▶ [Brief]
Below are some entries. Transcribe the lines from the one holding "Jeansblauw nubuck damesschoen" to the one holding "Dès le début", inclusive, but not the pictures among them.

▶ [Given information]
===============

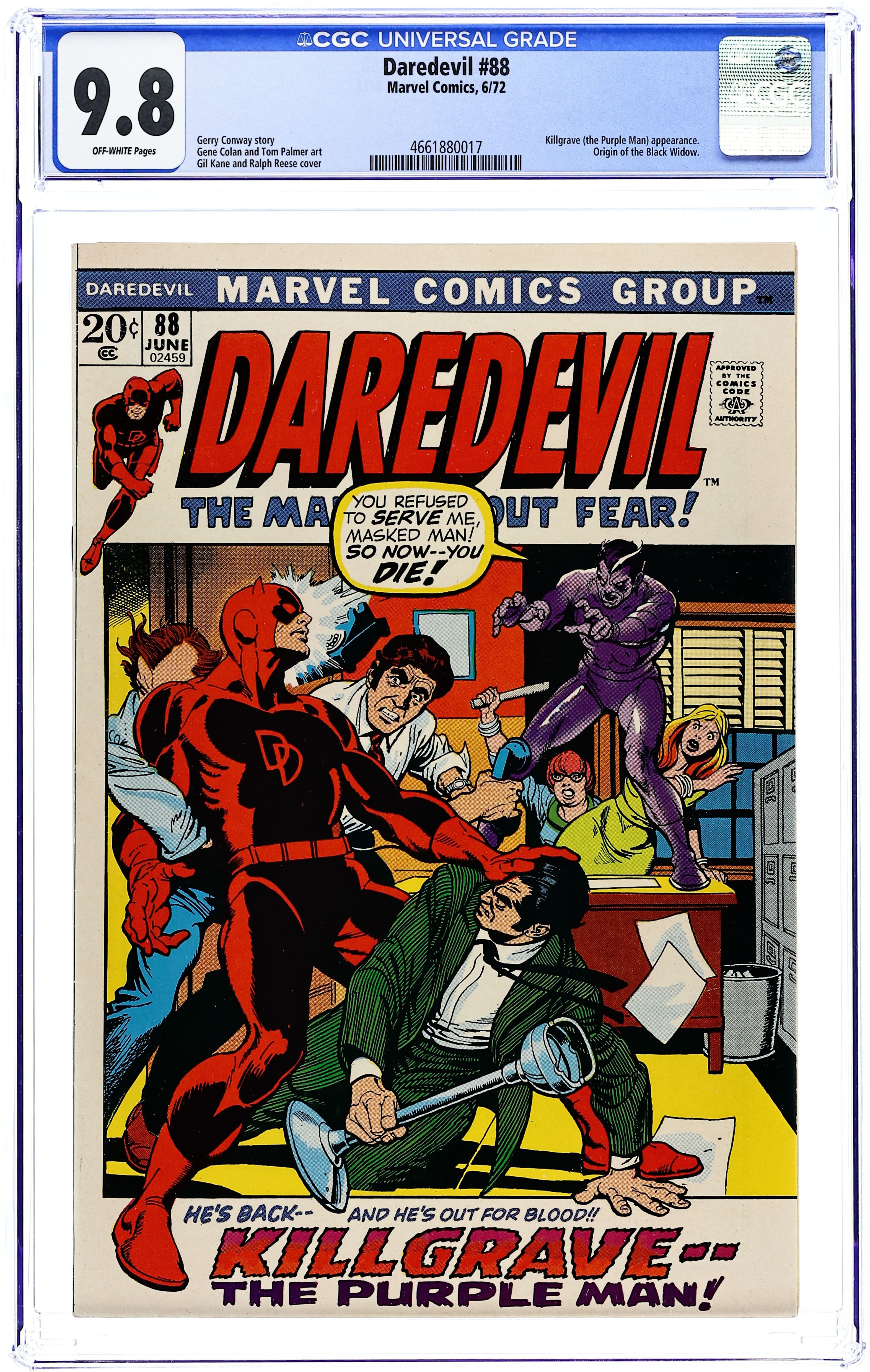 Cover pencils by Gil Kane, inks by Ralph Reese. Call Him Killgrave!, script by Gerry Conway, pencils by Gene Colan, inks by Tom Palmer; DD battles the Purple Man; Black Widow reconnects with an old spy buddy; While trying to track down the Widow, Ivan fills DD in on part of her origin story. 36 pgs. Cover price $0.20. Cover price $0.20.
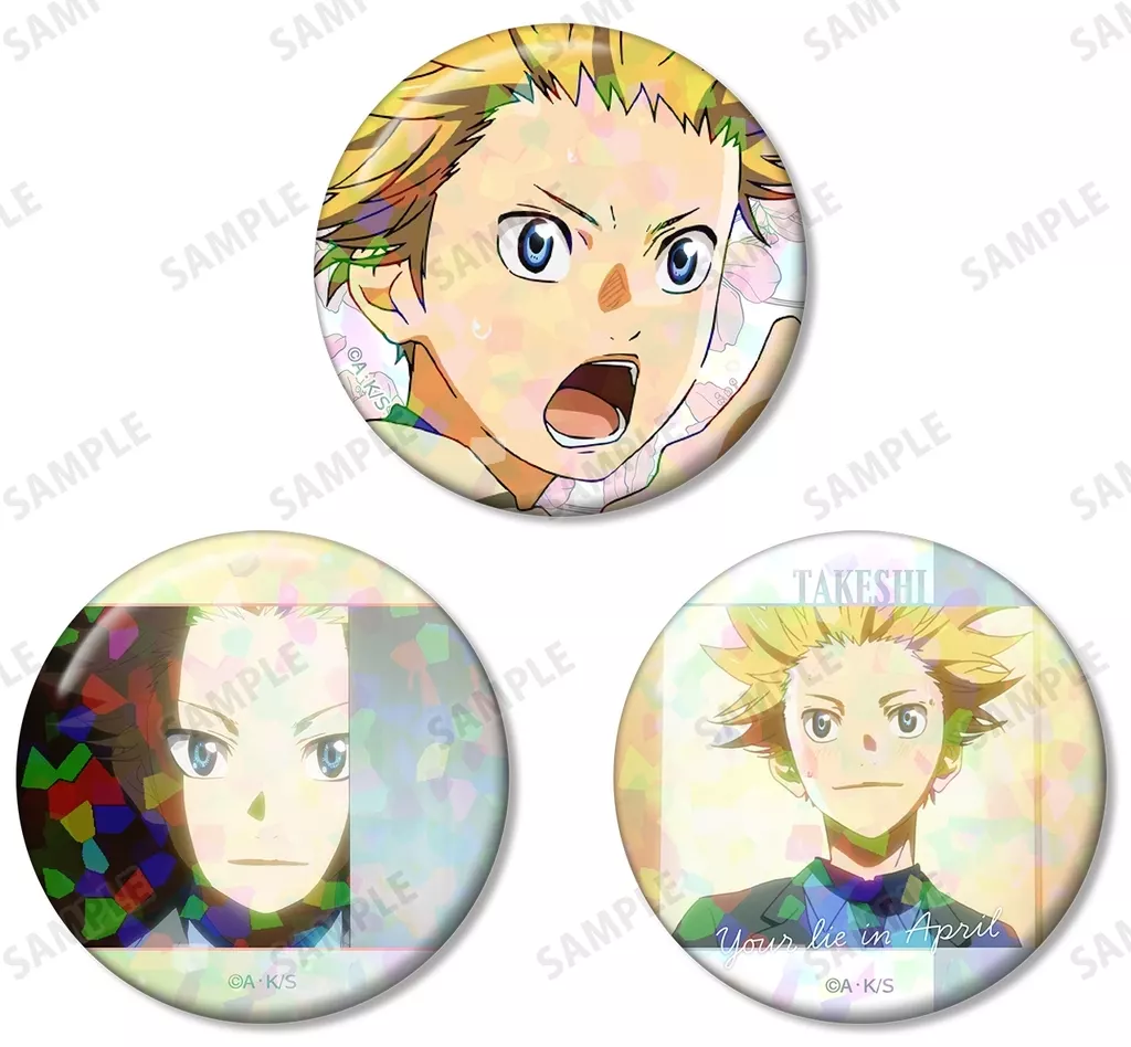 Now available is a 3-piece set of hologram metal badge from the TV animation "Your lie in April".
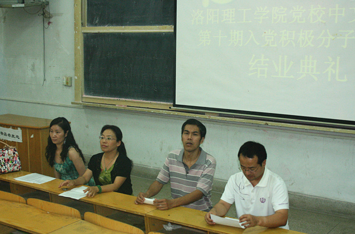 6月18日下午,我们党校中文系分校第十期入党积极分子培训班结业典礼在A2教室隆重举行。中文系党总支书记苑成存、党总支副书记张姝、团总支书记耿志强、培训班班主任蒋志琳出席该典礼,全体党课学员积极参加。典礼由团总支书记耿志强主持。
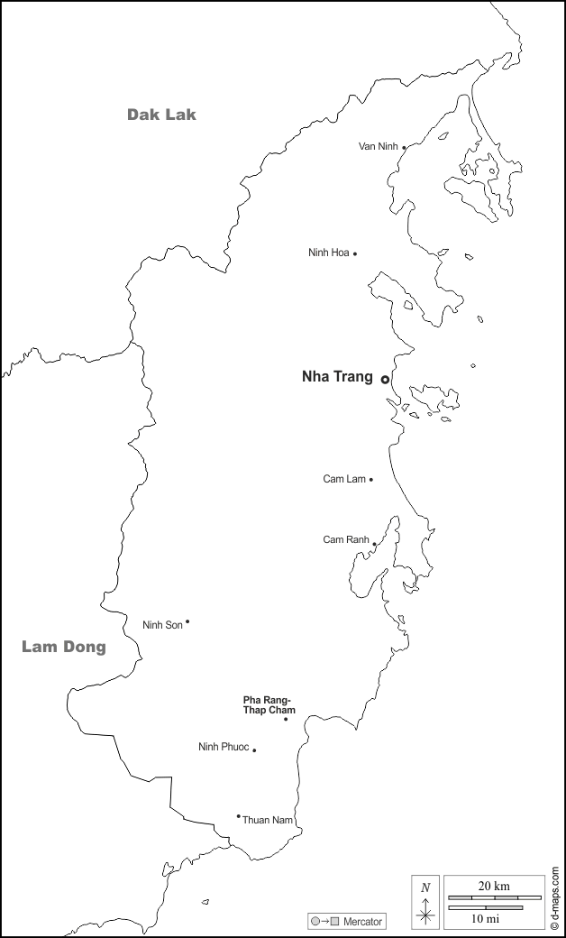 d-maps > Asia > Vietnam > Provincia di Khanh Hoa > frontiere, principali città, nomi, bianco
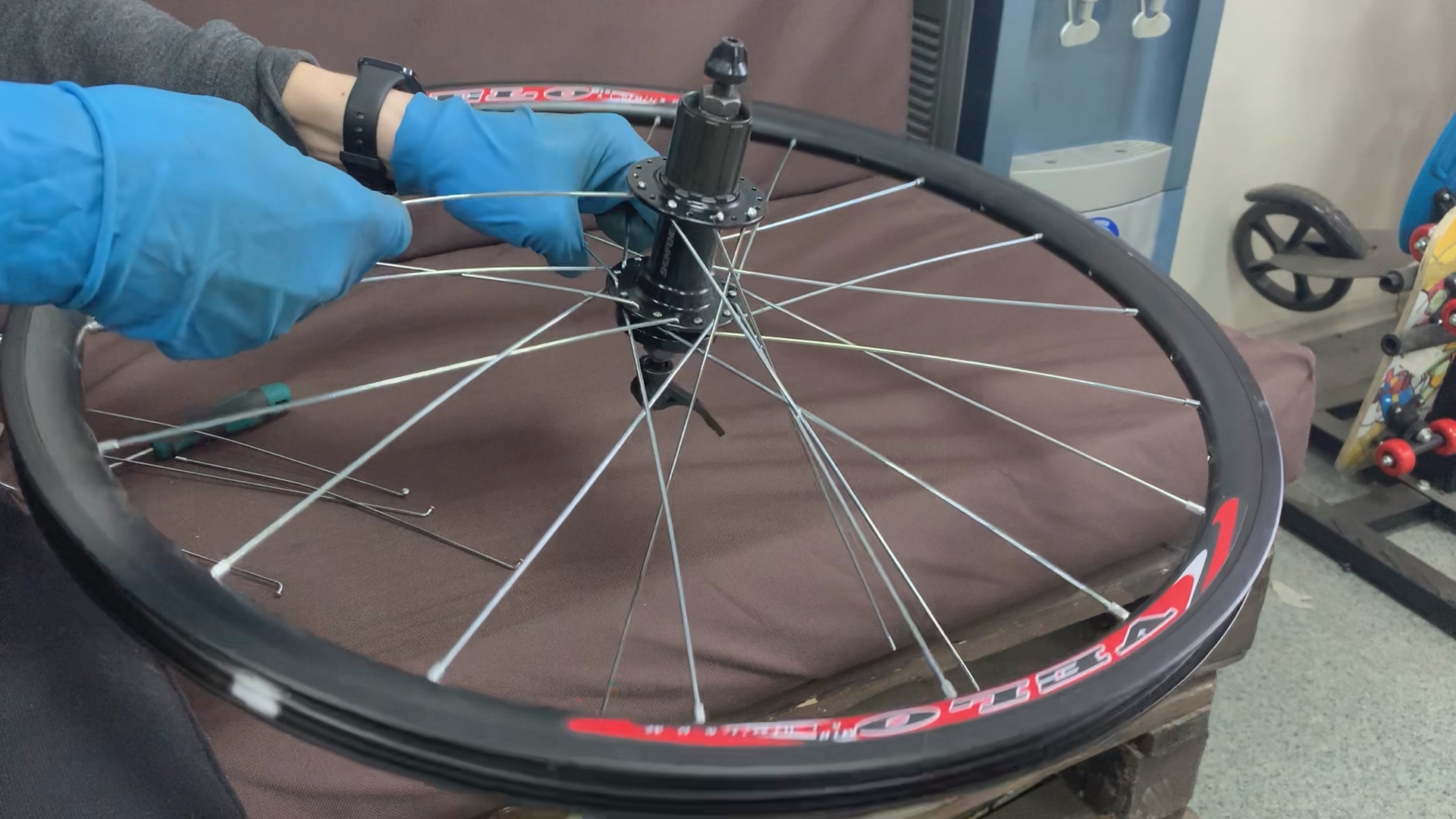 разборка колеса, оценка состояния втулки, обода, спиц;
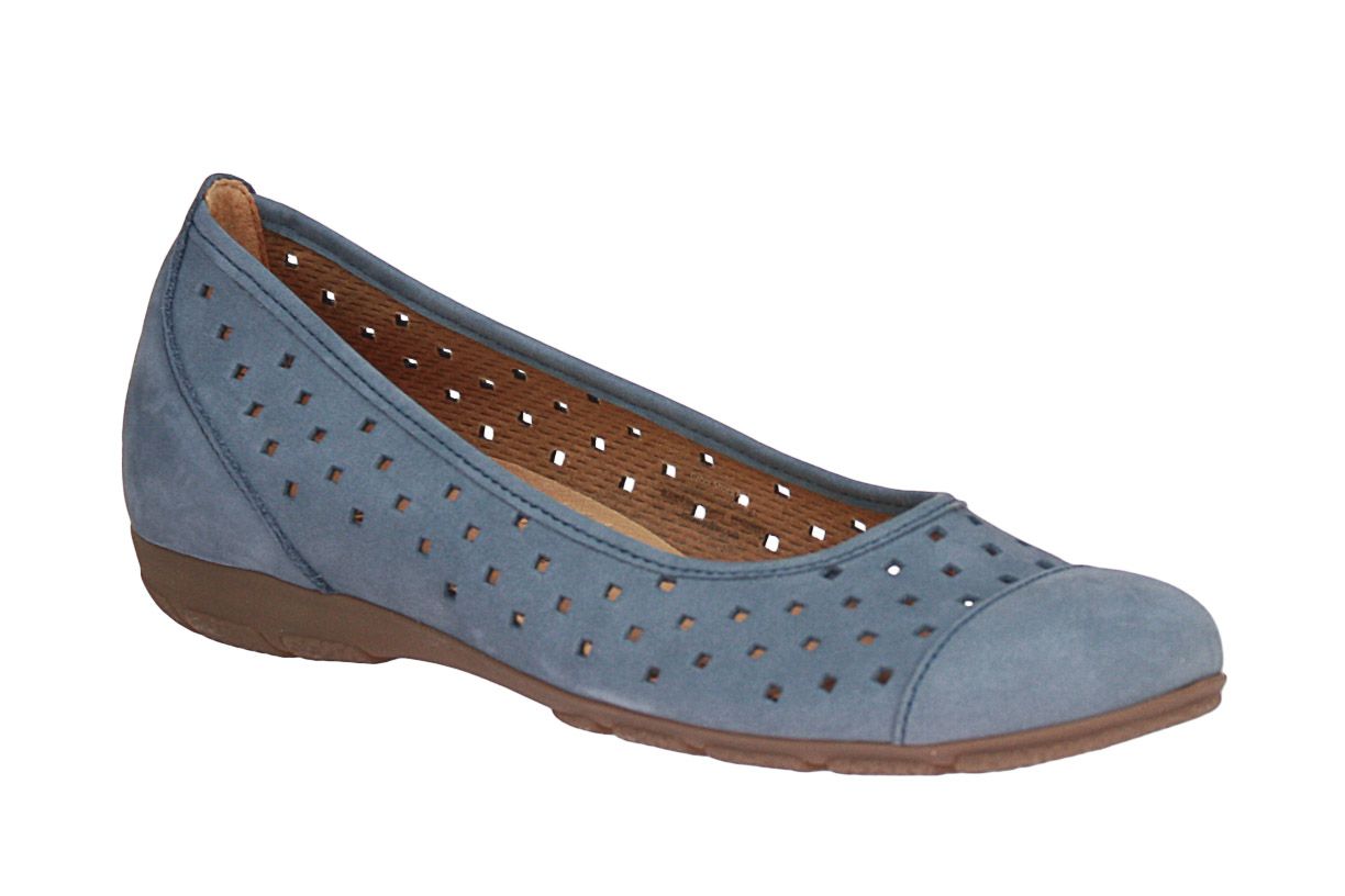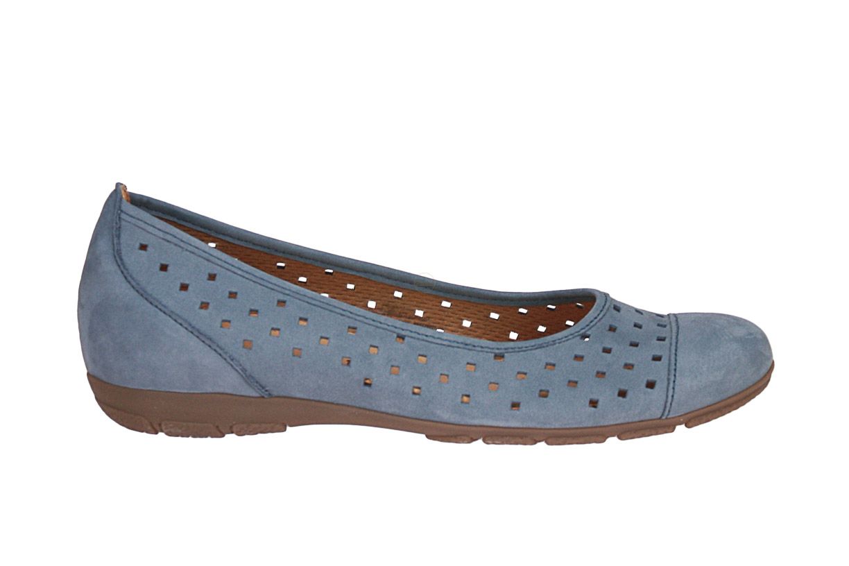 Jeansblauw nubuck damesschoen van het merk Gabor.
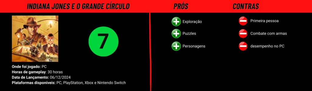 Se você é da geração Tik Tok que gosta de conteúdos rápidos, aqui vai um análise curta do jogo. Indiana Jones e o Grande Círculo é um jogo que transmite a sensação de viver uma aventura de sessão da tarde que seria melhor se tivesse as opção de terceira pessoa.
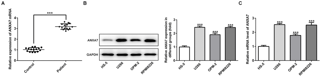The mRNA expression of ANXA7 was up-regulated in the serum of MM patients compared with that in healthy donors (Figure 1A). As shown in Figure 1B and 1C, the mRNA expression and protein expression of ANXA7 was increased in U266, OPM-2 and RPMI-8226 cells compared with HS-5 cells. U266 and PRMI-8266 cells with high expression of ANXA7 were selected for the following experimental study.
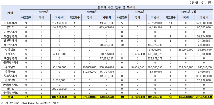 지자체별로 살펴보면, 지난 4년간(2022~2025.7) 파크골프장 풍수해 복구 비용은 충남이 약 23억 원으로 가장 많았으며, 이어 서울 약 9억 원, 광주 약 8억 원 순으로 많은 것으로 나타났다.
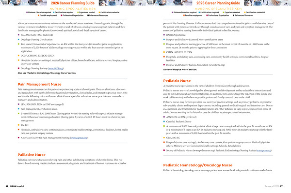 NURSING SPECIALITIES KEY: n Minimum Education required n Certifications required n Experience needed n Certification credential n Possible employment n Professional Organization n References / Resources
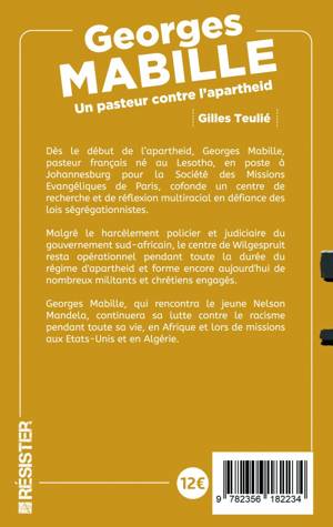 Dès le début de l'apartheid, Georges Mabille, pasteur français né au Lesotho, en poste à Johannesburg pour la Société des Missions Evangéliques de Paris, cofonde un centre de recherche et de réflexion multiracial en défiance des lois ségrégationnistes.
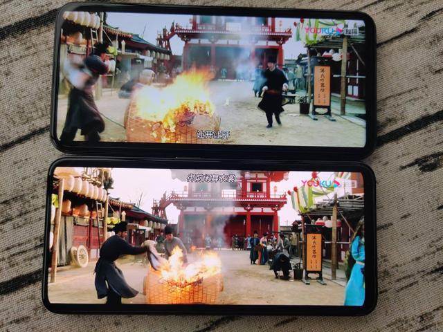 上图中的OPPO K3采用了AMOLED屏幕(OLED材质),能自发光,每个像素点都能投射出红绿蓝三原色的光,搭载LCD屏幕的荣耀9X由于屏幕有背光层和液晶层,只能通过折射光线来发光。在同样100%最高亮度下,不难发现AMOLED屏幕材质的OPPO K3会比采用LCD材质的荣耀9X显示效果更加鲜艳饱满,对比度也更高,色彩也更加艳丽,对比之下,差距还是很明显的。

===============

▶ [Your response]
 Jeansblauw nubuck damesschoen van het merk Gabor.
 Se você é da geração Tik Tok que gosta de conteúdos rápidos, aqui vai um análise curta do jogo. Indiana Jones e o Grande Círculo é um jogo que transmite a sensação de viver uma aventura de sessão da tarde que seria melhor se tivesse as opção de terceira pessoa.
The mRNA expression of ANXA7 was up-regulated in the serum of MM patients compared with that in healthy donors (Figure 1A). As shown in Figure 1B and 1C, the mRNA expression and protein expression of ANXA7 was increased in U266, OPM-2 and RPMI-8226 cells compared with HS-5 cells. U266 and PRMI-8266 cells with high expression of ANXA7 were selected for the following experimental study.
 지자체별로 살펴보면, 지난 4년간(2022~2025.7) 파크골프장 풍수해 복구 비용은 충남이 약 23억 원으로 가장 많았으며, 이어 서울 약 9억 원, 광주 약 8억 원 순으로 많은 것으로 나타났다.
 NURSING SPECIALITIES KEY: n Minimum Education required n Certifications required n Experience needed n Certification credential n Possible employment n Professional Organization n References / Resources
 Dès le début de l'apartheid, Georges Mabille, pasteur français né au Lesotho, en poste à Johannesburg pour la Société des Missions Evangéliques de Paris, cofonde un centre de recherche et de réflexion multiracial en défiance des lois ségrégationnistes.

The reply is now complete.